Last year’s team would usually unravel at the first sign of trouble, whereas the current team is resilient and composed.

Indiana made several runs late in Thursday’s game, and yet, Iowa withstood all of them, thanks largely to the dead-eye shooting of junior point guard Jordan Bohannon, who made five 3-point baskets and scored Iowa’s final 11 points.

It was the kind of circumstance in which last year’s team probably would have buckled under the pressure in a hostile environment.

But as Thursday's game showed, this is a different Iowa team and a different season.

“I think it’s maturity and understanding the necessity of following a game plan on the road against a really explosive team,” Iowa coach Fran McCaffery said when asked after Thursday’s game about what kept Iowa from buckling.

Iowa flirted with a win at Indiana last season, but fell apart down the stretch and lost 77-64 in the first conference road game.

“They had a run in the first half, they had a run in the second half, difference in the game,” McCaffery said.

The difference in Thursday’s game is that Iowa had enough players rise to the occasion. Not all of the starters played well as center Luka Garza only scored four points while being plagued by foul problems, and junior guard Isaiah Moss was held scoreless for the second consecutive game.

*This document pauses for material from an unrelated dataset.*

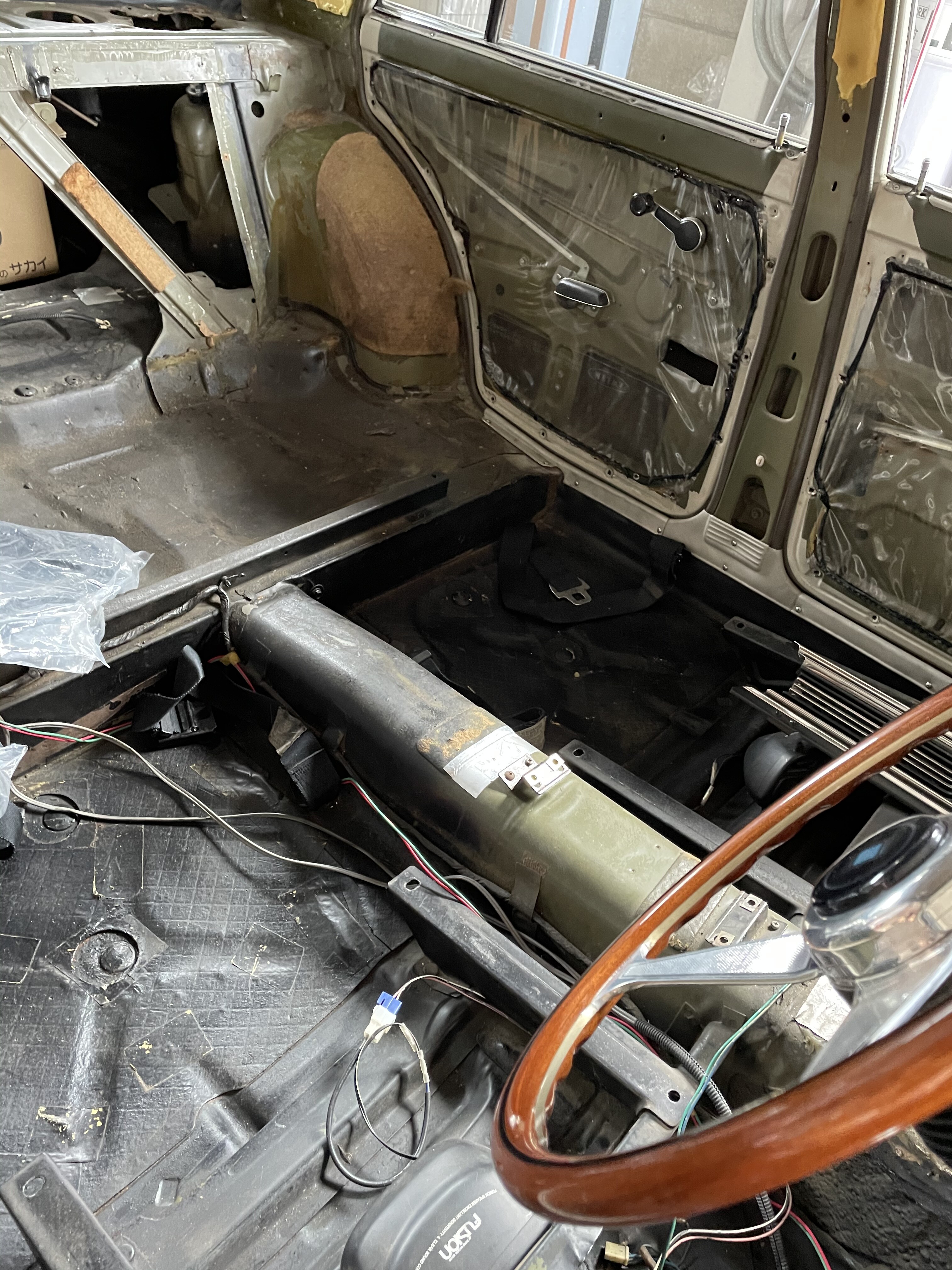 それからミッションも降ろしてブレーキやら色々な部品を外してペイントの下準備をしていきます

So for Iowa to have won a Big Ten road game with two starters combining for just four points says a lot about this team’s character, talent and resolve.

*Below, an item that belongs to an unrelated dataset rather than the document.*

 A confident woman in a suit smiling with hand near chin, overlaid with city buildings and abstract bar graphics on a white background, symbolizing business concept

Junior forward Tyler Cook had a huge impact in Thursday’s victory with 21 points, seven rebounds and four assists. The St. Louis native was patient and persistent at the same time.

And he was unselfish.

I’ll admit that before the season I wondered if Cook’s desire to play in the NBA would conflict with what Iowa wanted to accomplish on a game-by-game basis.

He sometimes tries to force the issue and plays too much on the perimeter. But for the most part, the 6-foot-9, 250-pound Cook has operated within the framework of the offense, has been a willing distributor and a force near the basket.

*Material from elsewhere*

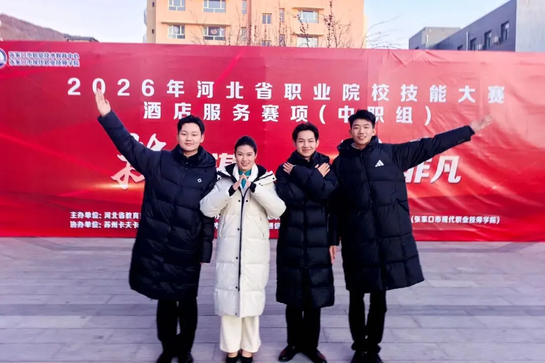 本次比赛是新旧赛制结合的首次尝试,围绕酒店服务核心岗位技能,涵盖中式铺床、前厅接待、中式摆台和项目展示四个关键模块,全面考察选手的操作技能、服务礼仪、沟通协调及创新应用能力。我校李天航、鹿奥松、李旭冉、赵雅飞四名选手,在指导教师郭晓梅、赵家萱的精心指导下,从操作流程的精准把控到服务细节的精益求精,从应急场景的灵活处置到项目展示的创意打磨,赢得了在场评委的一致好评。

Cook is living in the moment more than thinking of the future, and that’s significant in building team chemistry on and off the court.

“He’s playing the game at his pace right now, but he’s also really quick and really powerful,” McCaffery said. “It’s a lethal combination.

“Sometimes, he gets into trouble when he goes to fast. But tonight, he used his quickness and he played at his pace and he does a great job of recognizing when the double team comes and when it doesn’t, and what he’s got to do when it comes. He’s a willing passer. So that’s what makes it easy for us to run our offense through him.”

Another key to Iowa’s turnaround, of course, has been the addition of 6-6 freshman Joe Wieskamp. The Muscatine native scored 13 points in Thursday’s game, including 12 in the first half on four 3-point baskets.

Wieskamp has scored in double figures in 15 games, including in seven of the last nine games, and has grabbed at least seven rebounds in eight games. He also brings a toughness to defense, and this team so desperately needed that after what happened last season.

Iowa should be favored in at least five of its final eight games, the exceptions being at Ohio State, at Wisconsin and maybe at Nebraska in the regular-season finale, but the Cornhuskers are struggling.

McCaffery was asked about the significance of winning at Indiana and he gave the perfect answer by saying it just makes the next game bigger.

The victory also moved the 59-year old McCaffery ahead of Lute Olson into second place on Iowa's all-time wins list with 169 victories.

I thought McCaffery had a chance to pass Olson this season, but didn't think it would happen in the 23rd game of the season. 

Iowa is poised to make the NCAA Tournament after failing to do so in each of the past two seasons, and that clearly exceeds my expectations for this team.

There still is work to do, but Iowa is now playing for a higher seed in the Big Dance barring a late-season collapse.

The Hawkeyes have collapsed before under McCaffery, but this season just feel different because the team has so much experience and multiple scorers and shooters.

It also values defense and the players all seem to have a mutual respect and admiration for each other.

So in other words, the current Iowa team is way better than I expected.